Task goal:
Every record below is to be restated verbatim, though its images are not.

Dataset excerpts
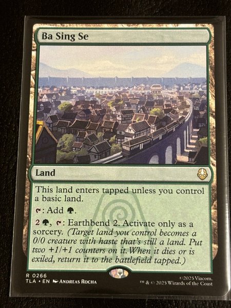 Kortet "Ba Sing Se" är ett landkort som kommer in i spel tappat om du inte kontrollerar ett grundläggande land. Det kan lägga till ett grönt mana. För två gröna mana och tappning kan du aktivera Earthbend 2 som en sorcery. Detta gör att ett land du kontrollerar blir en 0/0 varelse med haste som fortfarande är ett land, och får två +1/+1-räknare. När det dör eller exileras, återvänder det till stridsfältet tappat.
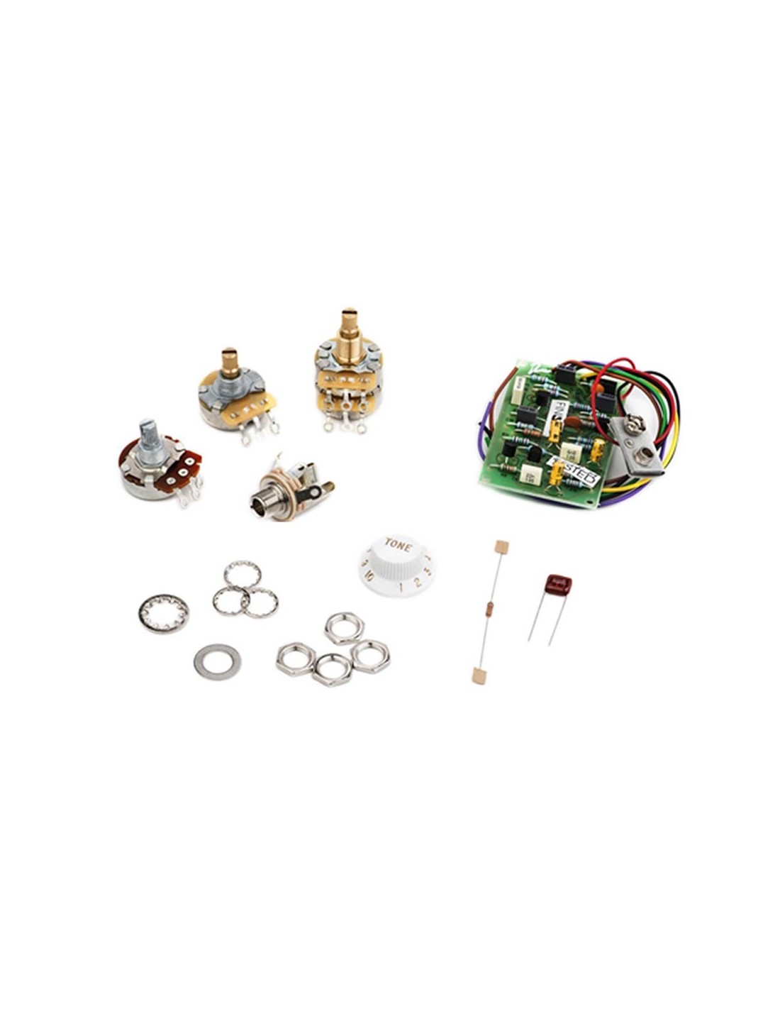 Kit includes primary PCB board, TBX tone potentiometer, volume and tone potentiometers, output jack, capacitor and 1/4-watt resistor, mounting hardware, wiring diagram and setup instructions.
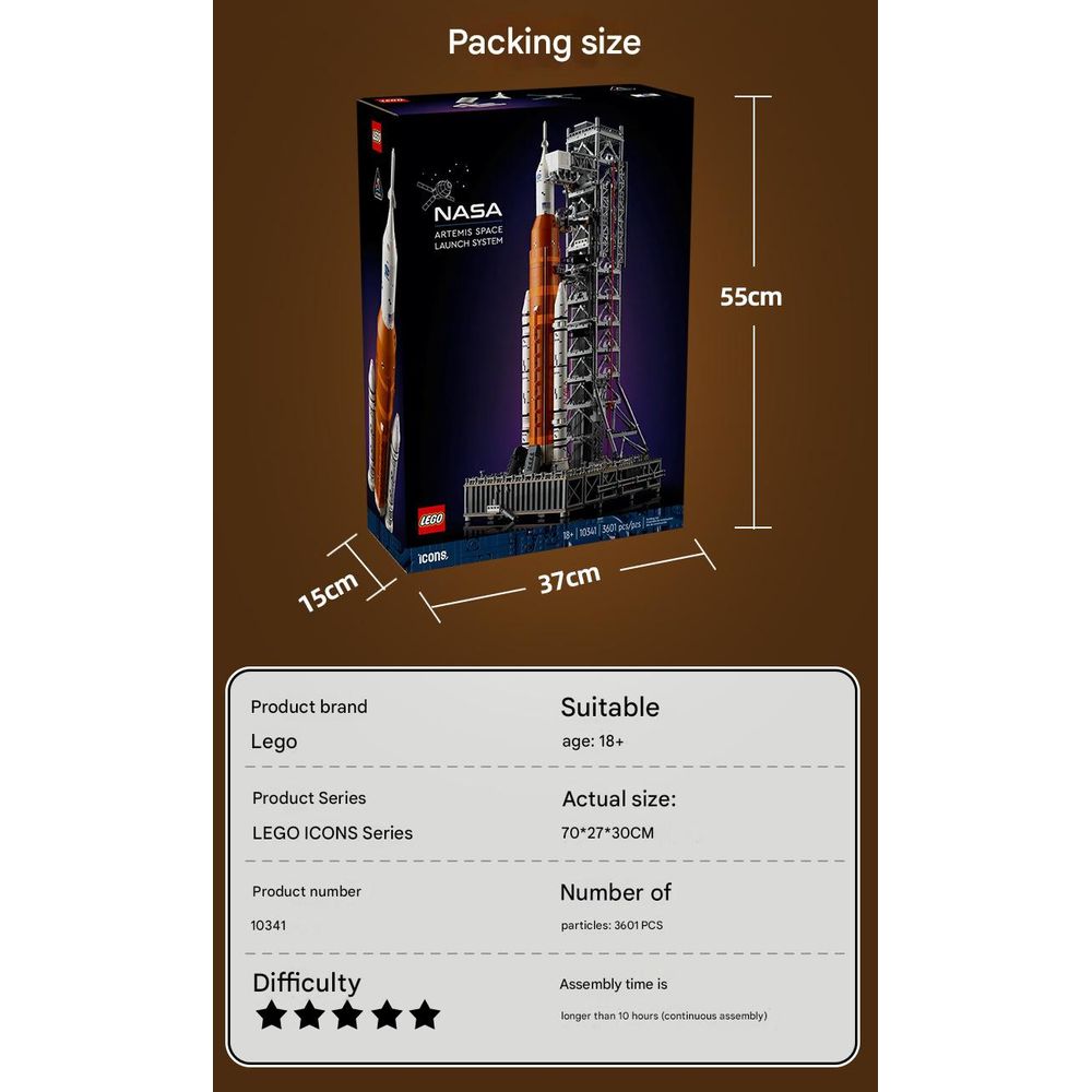 - Model: NASA Artemis Space Launch System 10341 a highly detailed and realistic recreation of NASA’s powerful Artemis rocket, Orion spacecraft, and mobile launch tower
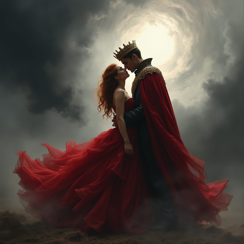 A striking picture of a couple silhouetted against swirling smoke. The woman wears a red gown, and the man a cape and crown. The image is in a dramatic, painterly style with vivid chiaroscuro.
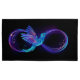 Símbolo luminoso, roxo e infinito com beija-flor azul voadora, luminosa, em fundo preto. Neon.

Exercise response:
 Kortet "Ba Sing Se" är ett landkort som kommer in i spel tappat om du inte kontrollerar ett grundläggande land. Det kan lägga till ett grönt mana. För två gröna mana och tappning kan du aktivera Earthbend 2 som en sorcery. Detta gör att ett land du kontrollerar blir en 0/0 varelse med haste som fortfarande är ett land, och får två +1/+1-räknare. När det dör eller exileras, återvänder det till stridsfältet tappat.
 Kit includes primary PCB board, TBX tone potentiometer, volume and tone potentiometers, output jack, capacitor and 1/4-watt resistor, mounting hardware, wiring diagram and setup instructions.
 - Model: NASA Artemis Space Launch System 10341 a highly detailed and realistic recreation of NASA’s powerful Artemis rocket, Orion spacecraft, and mobile launch tower
 A striking picture of a couple silhouetted against swirling smoke. The woman wears a red gown, and the man a cape and crown. The image is in a dramatic, painterly style with vivid chiaroscuro.
 Símbolo luminoso, roxo e infinito com beija-flor azul voadora, luminosa, em fundo preto. Neon.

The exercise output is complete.